My 2 year old female is somewhat possessive of her water and some toys and i’m not sure what i should do about it. She is never aggressive towards people in any way but sometimes she growls at other dogs and i feel like one day it might cause a problem. Anyone have any tips to stop this behavior?


----------



## Dan_A (Jan 19, 2021)

In my opinion it would be a good idea to teach her that the toys are yours and you are just letting her use them at your whim. Start taking possession of toys and things she is acting possessive about. Teach her it is your toy, she is not allowed to touch it when you indicated you are possessing it at this moment until you give her your command to get it. Then after a bit, take it back and demonstrate that you are now in control of the object. This is basically the "leave it" exercise, so if you already trained "leave it" use that command for this. Get fancy, have her leave-it with a toy and recall her to you so she has to pass the toy to get to you. It is a very important lesson as it means a lot more to the dog than to us. It is indicating to them that you are the leader and control the resources including toys. Right now she thinks she is the resource controller.

I wouldn't recommend doing this with the water bowl. I wouldn't want a situation where the dog is thirsty but is concerned about taking a drink. Instead practice with other items like the toys. The concept of you are the leader in control of resources should induce inference into the water. Instead correct the growling with your "no-no" word or sound when she does it with the water bowl. You are reminding her that you are the leader and that behavior is not acceptable.


----------



## Frida010 (Apr 24, 2020)

Personally I’m more in favour of a different approach as opposed to the one mentioned above and that is is to always trade it for something else if you take a fun toy away. Could be a treat, a bone, or a different toy. The idea is that taking away something doesn’t have to be bad, because there is also a bonus.
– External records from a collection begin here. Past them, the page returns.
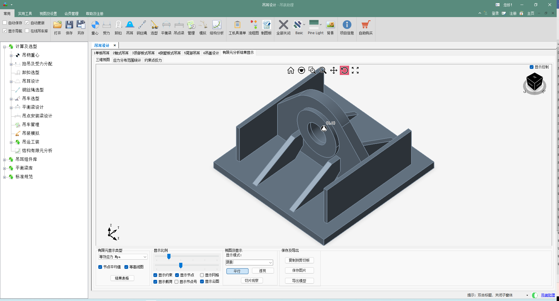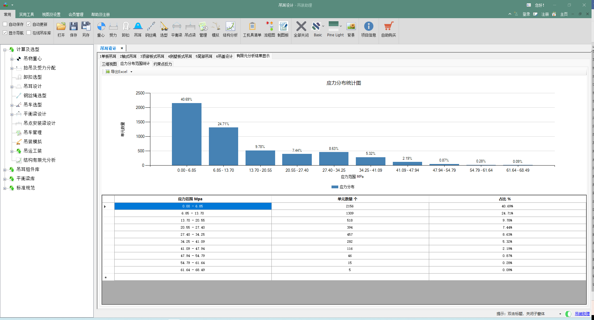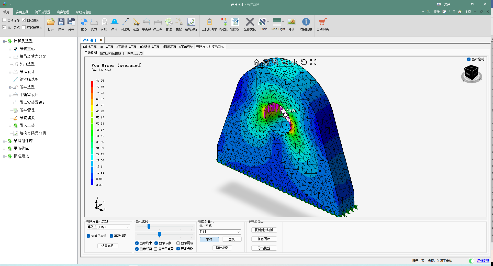 - 可进行多种形式的吊耳有限元验证分析和应力值的占比统计。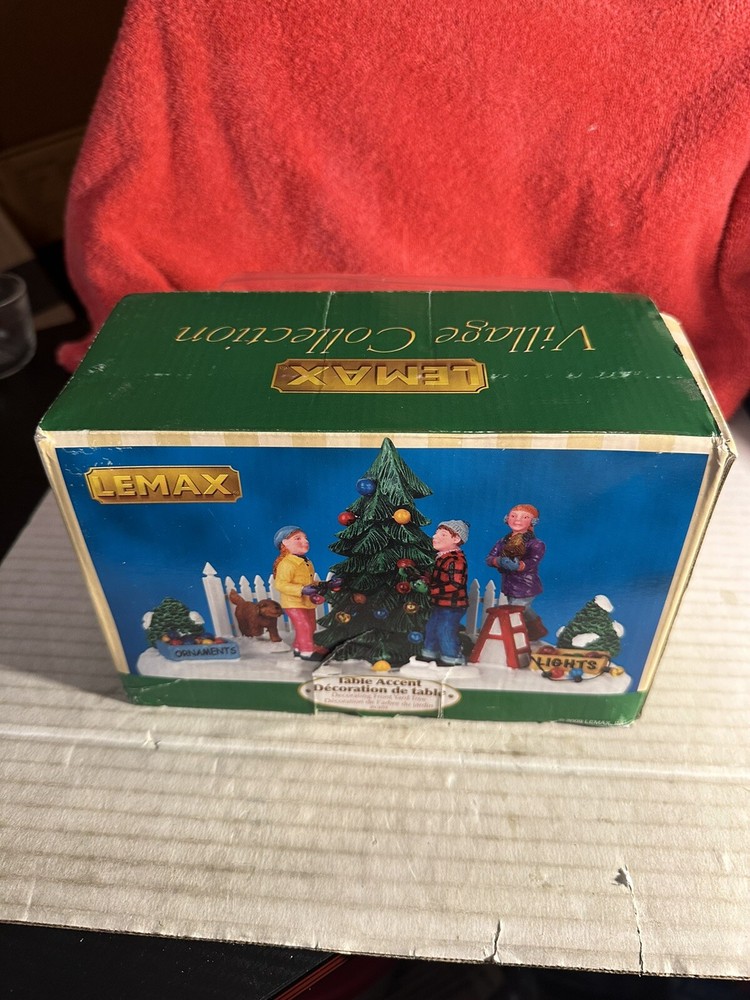 This beautiful Lemax Village Collection Christmas Table Accent depicts a lovely family scene with a festive tree, twinkling lights, and their adorable furry friend. The intricate details and painted finish make it a must-have for any collector or lover of seasonal decor. Crafted from high-quality resin by skilled craftsmen in China, this original and retired figure is a perfect addition to your Snow Village collection. The timeless design, with a color scheme of white and a touch of green, suits any occasion and is especially perfect for holiday celebrations. Bring the joy and warmth of the holiday season into your home with this charming figure. Tote 138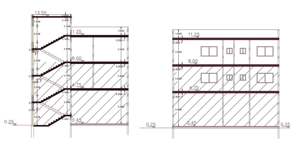 Download free DWG file of 3 storey apartment building section drawing that shows front and side view includes a standard staircase and slab section with dimension detail.

So we also taught our dog ‘drop it’ but we always reward, and with taking toys or bones we trade it. ‘Leave it’ for us means don’t touch it. 

However if resource guarding is already happening, I’d combine both. Trade often, but also teach boundaries en respect.


----------



## baileymay (Sep 5, 2019)

Personally I’m more in favour of a different approach as opposed to the one mentioned above and that is is to always trade it for something else if you take a fun toy away. Could be a treat, a bone, or a different toy. The idea is that taking away something doesn’t have to be bad, because there is also a bonus.
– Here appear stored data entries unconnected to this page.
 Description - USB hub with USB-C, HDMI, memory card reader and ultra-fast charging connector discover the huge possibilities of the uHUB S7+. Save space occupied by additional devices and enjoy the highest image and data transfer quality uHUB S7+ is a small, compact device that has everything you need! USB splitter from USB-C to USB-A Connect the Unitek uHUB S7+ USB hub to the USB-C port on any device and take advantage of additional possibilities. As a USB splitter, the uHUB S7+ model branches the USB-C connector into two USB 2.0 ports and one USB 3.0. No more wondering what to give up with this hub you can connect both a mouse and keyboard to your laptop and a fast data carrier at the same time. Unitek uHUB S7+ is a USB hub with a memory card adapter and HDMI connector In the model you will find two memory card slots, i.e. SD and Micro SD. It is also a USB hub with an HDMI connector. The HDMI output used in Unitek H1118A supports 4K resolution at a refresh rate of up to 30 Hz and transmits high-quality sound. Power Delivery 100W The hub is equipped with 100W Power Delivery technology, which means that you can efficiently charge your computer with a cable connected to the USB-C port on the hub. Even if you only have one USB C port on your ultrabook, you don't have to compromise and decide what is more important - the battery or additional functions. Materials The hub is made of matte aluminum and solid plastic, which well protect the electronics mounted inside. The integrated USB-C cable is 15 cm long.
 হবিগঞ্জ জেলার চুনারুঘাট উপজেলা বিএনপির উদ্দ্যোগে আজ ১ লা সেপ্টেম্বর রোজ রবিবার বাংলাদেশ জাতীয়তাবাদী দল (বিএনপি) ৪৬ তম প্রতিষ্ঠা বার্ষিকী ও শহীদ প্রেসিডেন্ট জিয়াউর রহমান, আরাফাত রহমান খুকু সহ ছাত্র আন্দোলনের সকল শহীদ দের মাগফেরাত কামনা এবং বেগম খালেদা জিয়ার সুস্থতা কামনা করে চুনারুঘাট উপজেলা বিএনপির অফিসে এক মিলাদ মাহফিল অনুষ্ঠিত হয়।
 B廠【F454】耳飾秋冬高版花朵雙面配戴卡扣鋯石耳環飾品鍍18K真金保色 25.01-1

So we also taught our dog ‘drop it’ but we always reward, and with taking toys or bones we trade it. ‘Leave it’ for us means don’t touch it.

However if resource guarding is already happening, I’d combine both. Trade often, but also teach boundaries en respect.
[/QUOTE]
she has never acted possessive over toys towards a human but only towards other dogs, so would this training method still work for that?


----------



## Dan_A (Jan 19, 2021)

I'm sorry if people feel that what I wrote above as advice is treating the dog in a "bad" manner by taking something away and possessing it temporarily. I have to completely disagree. I feel the human owners are the leaders and control the dog's resources, activities, and behaviors. The trading game and treat payment method is 100% on point and great to help teach a dog the commands so that they understand what it is you are requesting of them. At some point the trade/treat becomes optional as the dog now has a full understanding of what its leader is asking. I phase treats/trades out to just an occasional reinforcment for excellent behavior and to keep it fun. Otherwise, the idea that I always need a payment or bribe for my dog to listen to me or understand that I'm the leader doesn't jive with me. Occasional reinforcment of learned behaviors with treats and praise in my book are always a good, just not to be expected all the time.

Always keep it fair, respectful, and reasonable with dogs. They are not robots. That behind said it is up to us to be their leader and to set boundaries and limitations (sounds like a Cesar Milan pitch and somewhat is) around their activities and behaviors. If another approach works for you, more power. There are tons of different theories and methods to training dogs. Every dog is different and some the lesson is intrinsically learned to not resource guard and growl at other dogs or humans over things.


----------



## [email protected] (Feb 24, 2020)

Hi there!

I did some digging in your previous posts and I see that you have 2 pups (abolutely adorable). I understand that Bailey - the girl - is older and Jasper should be around 5 months now. Is her behavior in relation to him? If so, it may be natural, until a certain point, that the adult female, will not allow the younger male fool around as he pleases. She is asserting her position in the pack, as the older dog, who also controls resources.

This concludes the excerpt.